Required work:
Identify each line below containing the string "ground" and copy it.

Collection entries
—————

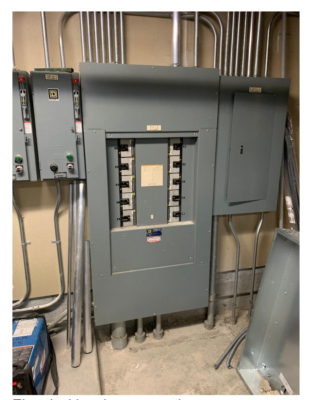
Electrical box in new penthouse.
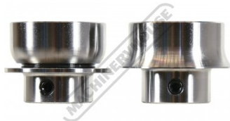
1/2" Die Set Side View
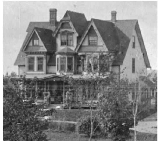
Davison House, 95.4.9 DBP3B C. 1890 The home of Frank Davison in detail. Built around 1889

His home is a gracious and stately house located on Aberdeen Road. It is both impressive in its architectural detail and imposing in its size. Constructed in the Late Victorian Modified Gothic style in 1889, 16 the house has three large dormers on the front of the home, each measuring a different height and a different size. The right dormer is the widest and has a gabled roof and a three sided recessed bay window just above the veranda. Ornamental brackets support a decorative shelf complete with a circular designed bargeboard and dentils just below it. The pedimented dormer sits over the recessed bay window and is trimmed in the same circular designed moulding as the shelf below it. Just below the small window is a scale shingle design.
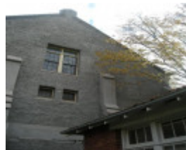
Building P, Former Wesleyan Chapel, later School of Mines Museum (rear).jpg
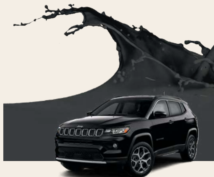
Diamond Black Crystal Pearl
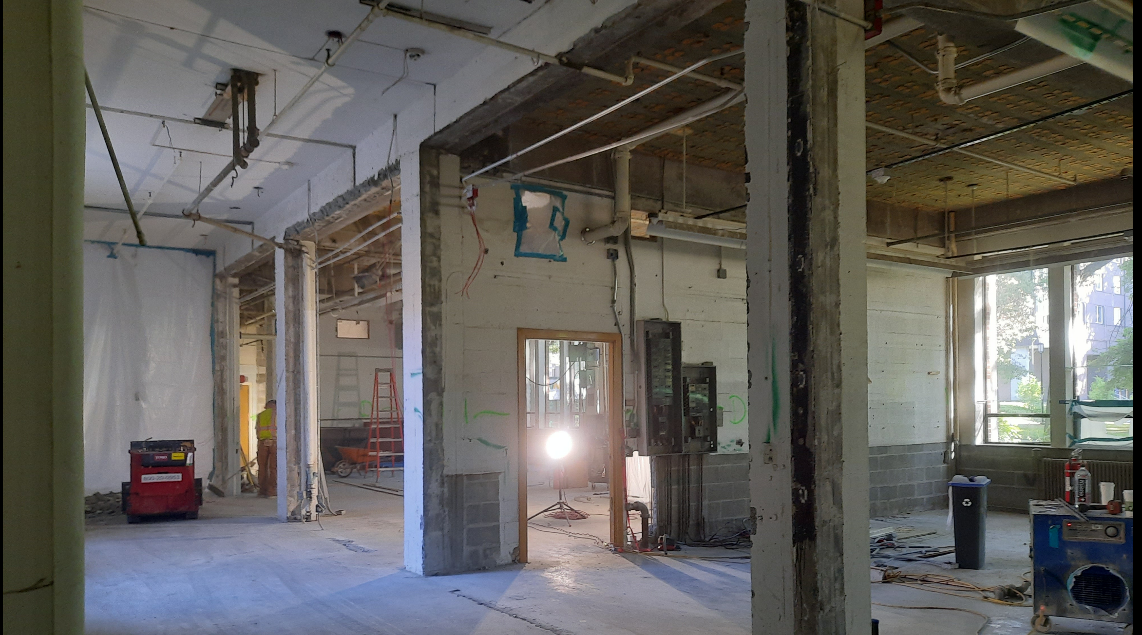
Demolition of former sculpture classroom, glass lampworking classroom, and adjacent rooms
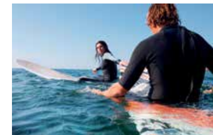
Bupa Travel, Home, Car, Life Insurance

Call 134 135 or visit bupa.com.au/pet-insurance
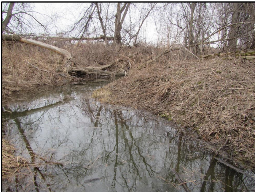
Photograph 10: Survey Site #5 downstream, facing upstream (March 24 th , 2021).
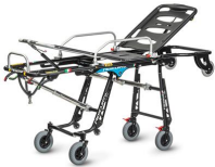
Mercury EL 7092 PROOF Certified self-loading stretcher
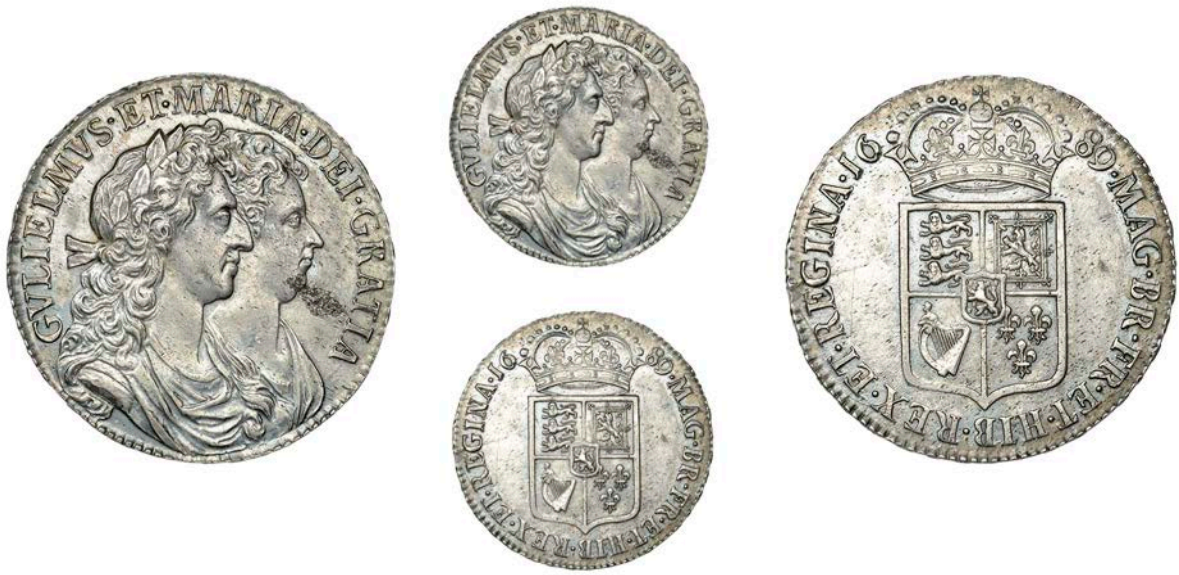
133 Halfcrown, 1689, first shield, caul and interior frosted, pearls, edge PRIMO (ESC 826 [503]; S 3434). Flan flaw on obverse, otherwise extremely fine £600-£800
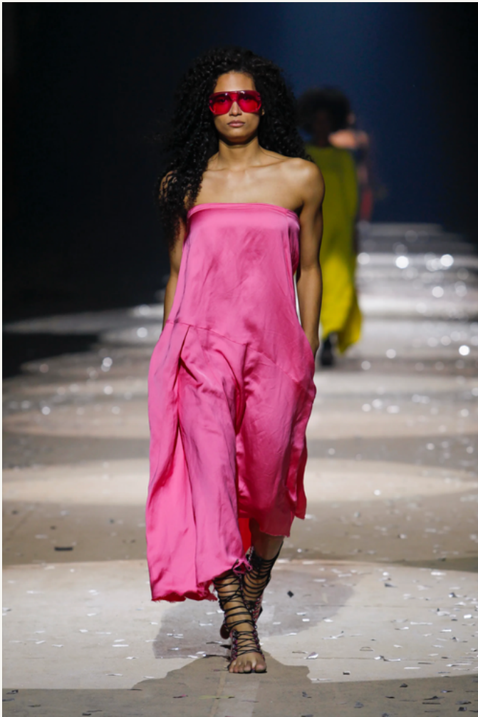
MARQUES ALMEIDA SPRING/SUMMER 2022

Gucci and Marques Almeida are amongst the plethora of designers giving their ode to the seventies. Suited in silk Gucci proves that a look surrounded by one fabric no longer just belongs to the Canadian tuxedo. Experimenting with cuts and colors in this line, Gucci demonstrates how truly multidimensional satin is, and can be incorporated into many elements of life. Almeida swept through fashion week with floor-length silk gowns, several of them being strapless- concentrating their emphasis on the natural fall of the fabric and its accents to the model's natural features.
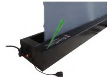
Up & down limit adjustment Anti-pinch hand device
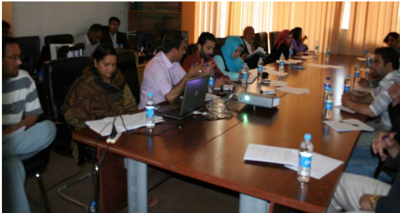
Workshop on Legislative Drafting for Committee Assistants of Wolesi Jirga 2009

Project ID: 00059607 Duration: March 2008 – February 2012 Strategic Plan Component: Democratic Governance CPAP Component: Outcome 4 ANDS Component: GOVERNANCE, RULE OF LAW & HUMAN RIGHTS Total Budget: 15.3 USD Million Responsible Agency: UNDP
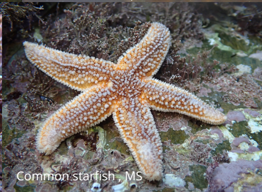
Common starfish, MS
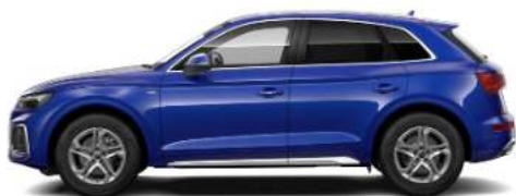
Ultra Blue 6I6I 1 Metallic €1,154
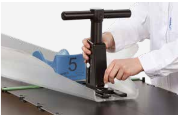
Art. N° 29115
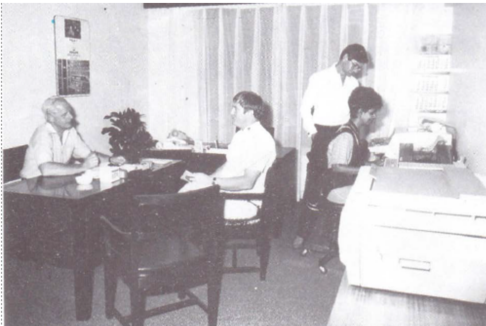
Inside the Business Centre at the Hotel Ceylon Inter-Continental, Colombo.
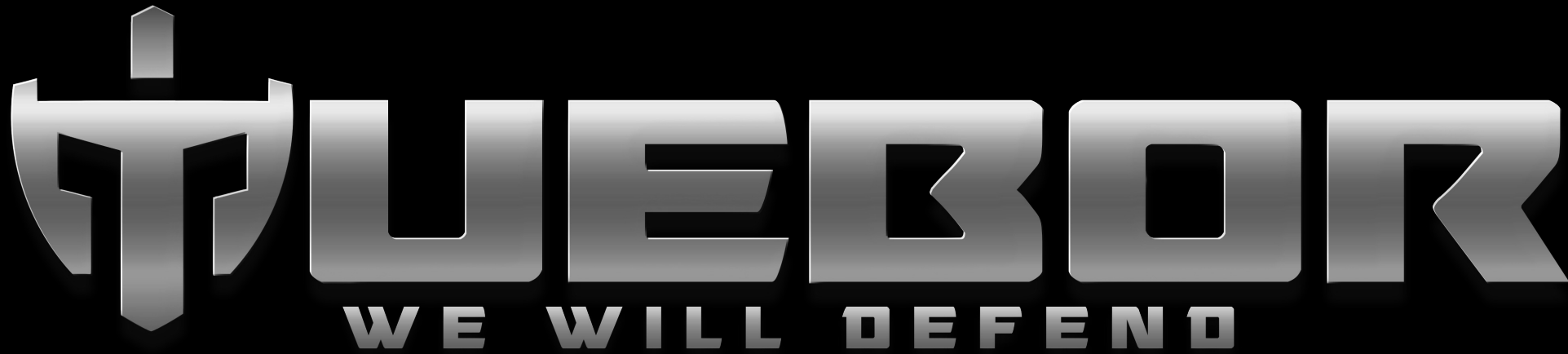
New Logo Lockup and Shield Shape
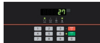
Quantum™ Gold Control
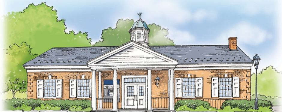
Sumneytown Branch 3090 Main Street, Sumneytown

Bank Local. Be Proud. Get Rewarded. That's Harleysville.
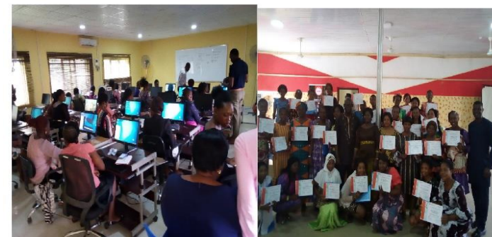
Digital Training for Fashion Entrepreneurs
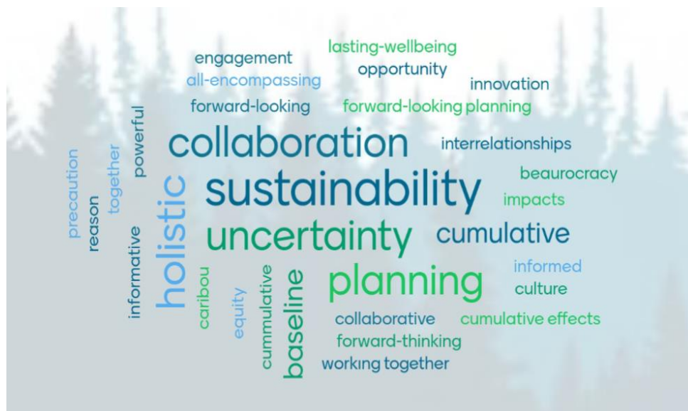
Figure 2: Participant responses to Mentimeter opening question

Through a Mentimeter exercise, the facilitator asked a question to all participants: "In one word, please share what comes to mind when you think about an RSEA". The word cloud below shows participant responses.
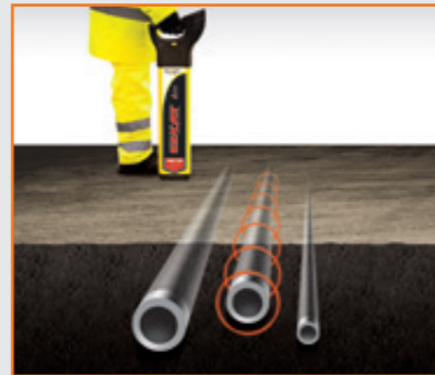
1 Conduct ground survey gathering data

See better results, more comprehensive ground surveys and a reduction in buried service strikes.
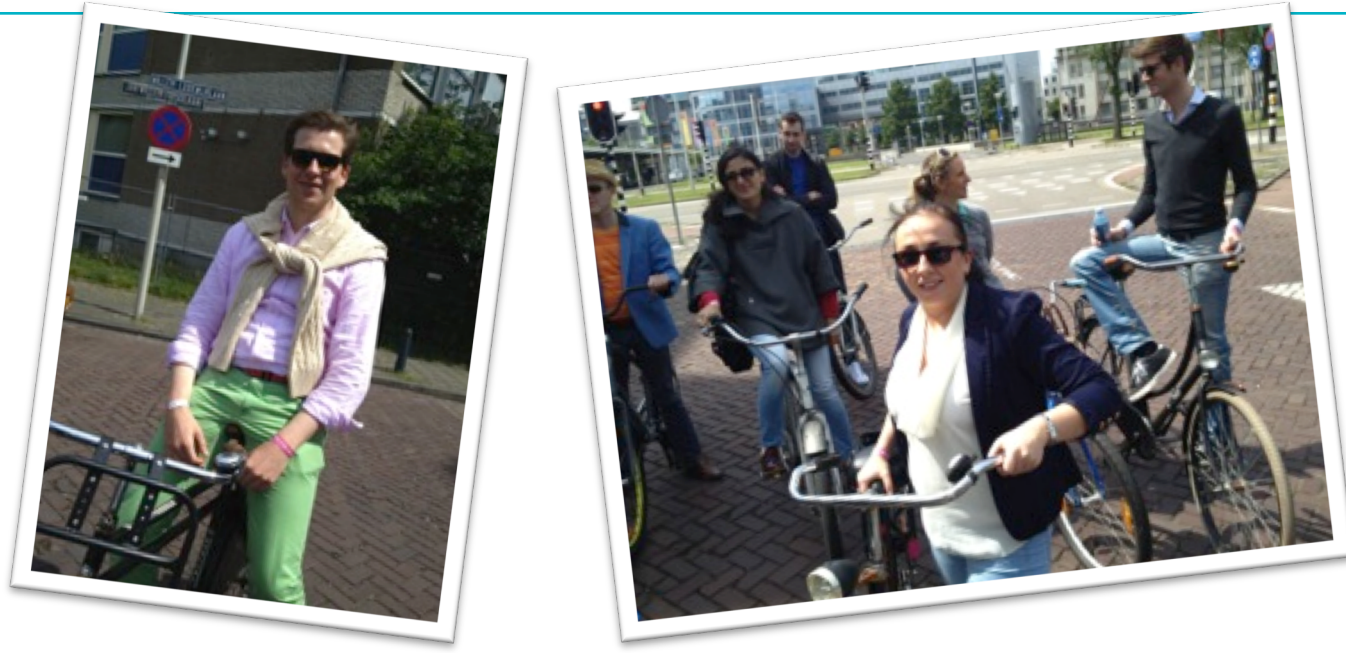
The President and the Immediate Past President enjoy a cycling tour of The Hague during the Summer Conference in June 2013
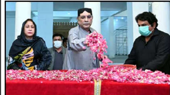
GARHI KHUDABUX: PPP Co-Chairman Asif Ali Zardari and Faryal Talpur are showering rose petals and offers Fateha for the peace of departed soul of Benazir Bhutto during their visit to Bhutto Mausoleums in Garhi Khuda Bux.

demolish all illegal encroachments along with the rivers and streams and clear the waterways in all the cities just before the full monsoon season. "An early and rapid information system must be set in place so that the people living in the low-lying areas should get immediate information about the flood situation", the government directed the related State functionaries including the Divisional and district administrations across the State. Following many impending additional rains during the season in the region, authorities have decided to enhance and improve the capacity of the SDMA to deal with any eventuality during monsoon in the region.

—————

Exercise output:
1 Conduct ground survey gathering data
See better results, more comprehensive ground surveys and a reduction in buried service strikes.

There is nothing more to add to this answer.